Somewhere below is a line with "Natural Sodalite Sphere." and, later, a line with "Over-dyed area rugs"; repeat those two lines and all the lines between them, exactly as they are.
***** DATA TO USE *****
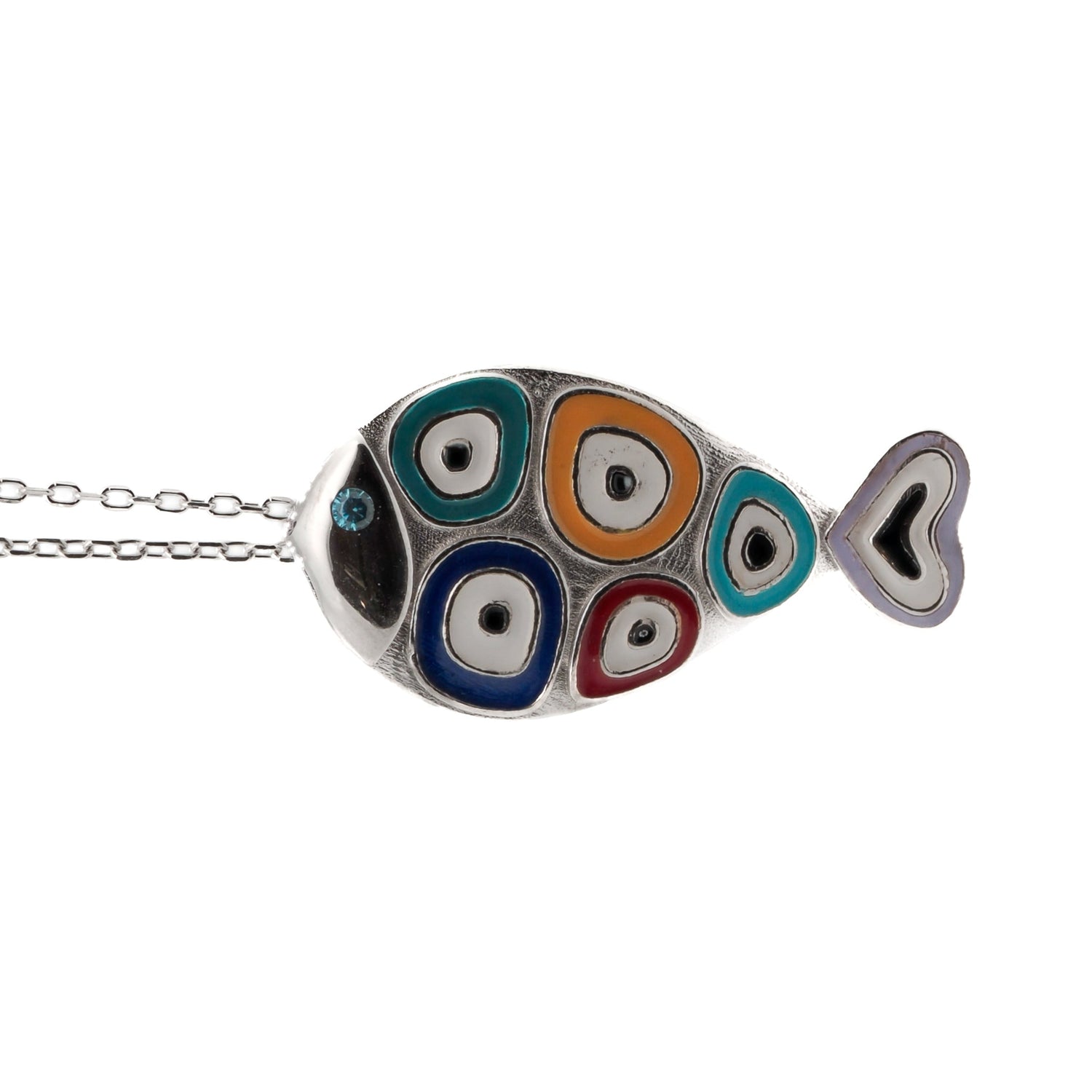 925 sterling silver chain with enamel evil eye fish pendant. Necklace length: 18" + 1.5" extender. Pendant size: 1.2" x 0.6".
*****
***** DATA TO USE *****
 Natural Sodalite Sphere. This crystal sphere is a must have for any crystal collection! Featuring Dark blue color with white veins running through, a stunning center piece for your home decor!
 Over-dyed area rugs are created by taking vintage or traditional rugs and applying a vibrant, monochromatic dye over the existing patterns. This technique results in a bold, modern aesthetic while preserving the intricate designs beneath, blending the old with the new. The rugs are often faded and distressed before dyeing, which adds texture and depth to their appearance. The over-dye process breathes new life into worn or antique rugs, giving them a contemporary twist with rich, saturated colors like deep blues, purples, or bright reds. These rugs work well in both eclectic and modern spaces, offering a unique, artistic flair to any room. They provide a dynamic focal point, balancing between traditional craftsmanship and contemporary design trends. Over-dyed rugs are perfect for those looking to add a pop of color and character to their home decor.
*****
__YOUR SOLUTION__
 Natural Sodalite Sphere. This crystal sphere is a must have for any crystal collection! Featuring Dark blue color with white veins running through, a stunning center piece for your home decor!
 Over-dyed area rugs are created by taking vintage or traditional rugs and applying a vibrant, monochromatic dye over the existing patterns. This technique results in a bold, modern aesthetic while preserving the intricate designs beneath, blending the old with the new. The rugs are often faded and distressed before dyeing, which adds texture and depth to their appearance. The over-dye process breathes new life into worn or antique rugs, giving them a contemporary twist with rich, saturated colors like deep blues, purples, or bright reds. These rugs work well in both eclectic and modern spaces, offering a unique, artistic flair to any room. They provide a dynamic focal point, balancing between traditional craftsmanship and contemporary design trends. Over-dyed rugs are perfect for those looking to add a pop of color and character to their home decor.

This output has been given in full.